Ep6-60
ユーラリアの号令の下、上陸から数刻経ってから進軍を開始した。十万を超える軍勢が織りなす隊列は、まるで大河のように暗黒大陸の大地をゆく。
本来であれば、これだけの軍勢は何人もの将の下、いくつかの部隊に分けて行軍し、主戦場にて合流するのが定石なのだろうが、多くの者にとって未知の土地である暗黒大陸でその戦略をとることは難しかった。その結果がこの大軍勢のままでの移動だった。
そんな大軍勢の左翼がシャールとエリオスに宛がわれた配置だった。
二人は他の兵士たちと違い馬を与えられ、少し高い位置から周囲を警戒しつつ進んでいく。行軍の開始から、すでに半日ほど。日は既に西方へと落ちていく時間だった。
ここまで、魔王軍からの攻撃は無い。
「――穏やか……ですね」
シャールは、ふと隣の馬上であくびをするエリオスにそう語りかけた。エリオスは退屈と眠気を同時にかみつぶしながら、その言葉に応える。
「……本当に……もう少し、ちょこちょこと攻撃を仕掛けてくると思ってたんだけどなあ……」
「罠……でしょうか?」
シャールは一周回ってこの静けさに不気味さすら感じていた。そんな彼女に、エリオスは目を細める。
「さてね。ただ、これほどの軍勢を相手に、分隊で奇襲をかけるみたいなことは無いとは思うよ。戦力ではこっちが勝ってるんだからね。下手に戦力を分散させて磨り潰すみたいなことはしないんじゃない? サルマンガルドの兵士たちみたいな無限湧きする連中ならともかくね――かくいう彼も、先の敗北があるからね、早々には仕掛けてこないでしょ」
「そういうものですか……」
「ま、それはあくまで『魔王軍』としての話で、この地に住んでいるだけの魔物やらがどう動くかは分からないけどね」
エリオスはそういうと遠くをぼんやりと眺めながらため息をついた。自身も不謹慎とは思いつつ暇を持て余していたシャールは、つい問いを重ねて会話を続けようと試みる。

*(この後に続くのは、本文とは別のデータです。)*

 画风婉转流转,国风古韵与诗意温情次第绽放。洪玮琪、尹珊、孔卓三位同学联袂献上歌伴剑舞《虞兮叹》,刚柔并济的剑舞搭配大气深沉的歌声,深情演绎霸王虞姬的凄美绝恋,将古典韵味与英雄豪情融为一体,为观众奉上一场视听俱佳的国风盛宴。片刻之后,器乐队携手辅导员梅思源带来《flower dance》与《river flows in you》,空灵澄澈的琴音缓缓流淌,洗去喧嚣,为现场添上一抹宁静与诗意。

「暗黒大陸の魔物は皆魔王の配下というわけじゃないんですか?」
「その質問は、私たちが居としている大陸にいる者は、植物から人間まで皆最高巫司の配下なのかと聞いてるのと同じだよ」
エリオスはどこかそっけなく、シャールの問いかけをそう切り捨てた。それからふと、彼は何かを思い立ったような顔を浮かべて、苦笑を浮かべながらシャールに問いかける。

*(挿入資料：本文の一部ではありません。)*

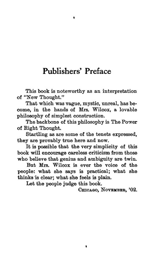 That which was vague, mystic, unreal, has become, in the hands of Mrs. Wilcox, a lovable philosophy of simplest construction.
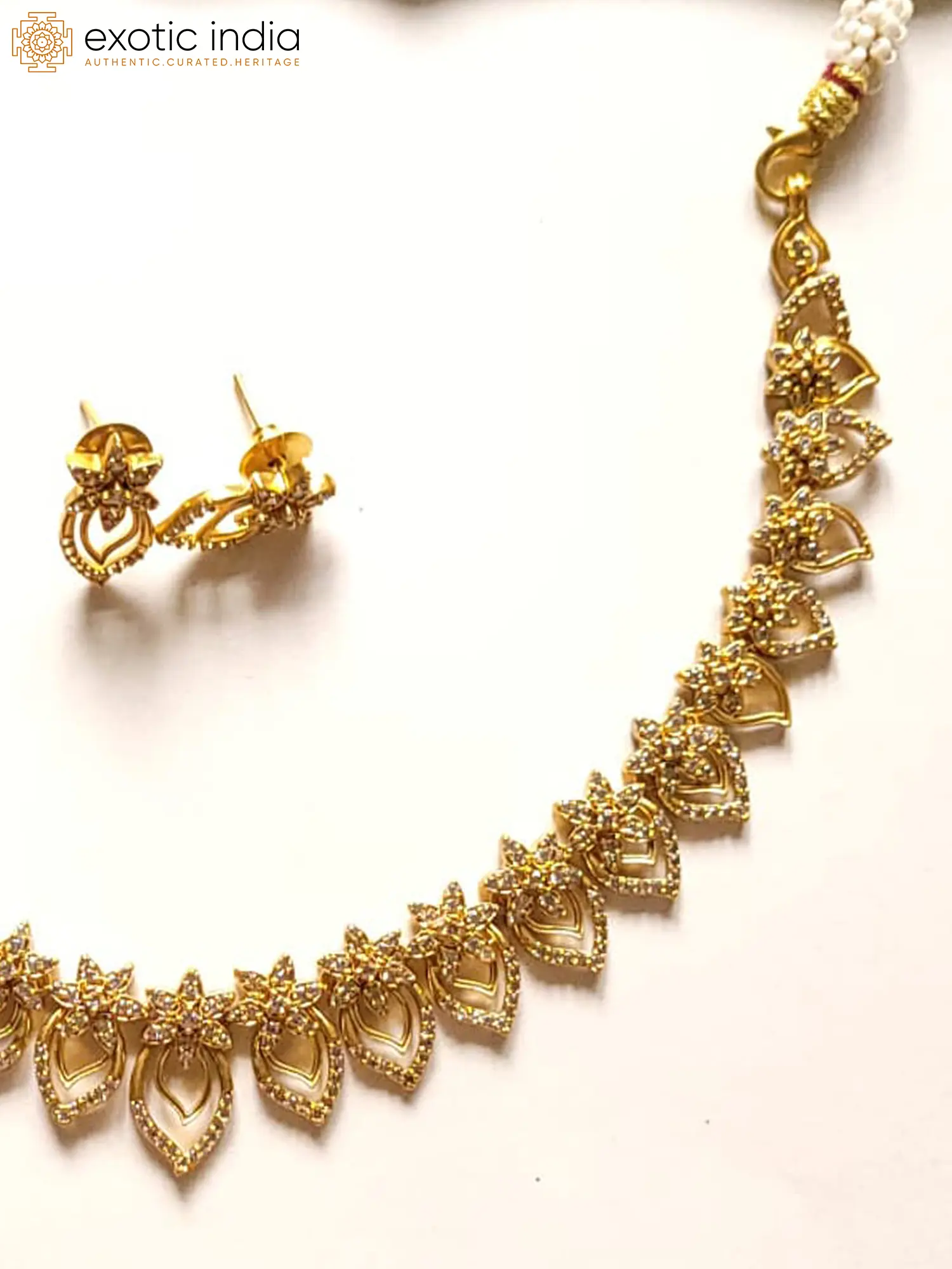 This Brass Attractive White Flower Mango Necklace with Earrings is a regal masterpiece, seamlessly blending elegance and tradition. The intricate design features a white flower embellished with CZ stones gracefully placed over a mango motif. This fusion of the floral and mango elements creates a harmonious visual symphony, symbolizing beauty and prosperity.
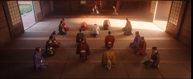 信長の側近っぽいのが信長と同じ段に座っちゃってるしなんか謎に畳だし畳も正方形だし pic.twitter.com/iQMGurf9tA

「そういえば君、もしかして暗黒大陸についてあんまりよく知らない?」
「え——ええ、まあ……そう、ですね」
実際シャールの認識では、暗黒大陸というのは魔物や邪悪なモノたちの土地であり、神話の英雄エイデスと対峙した原初の魔王以来、多くの魔王が拠点としてきた聖教会にとって忌むべき土地である、ということだけだ。
それ以上のことをシャールは知らないし、学ぶ機会も学ぼうと思ったことすら無かった。
そんな彼女にエリオスは呆れたような吐息を漏らしながら、くつくつと喉の奥で笑う。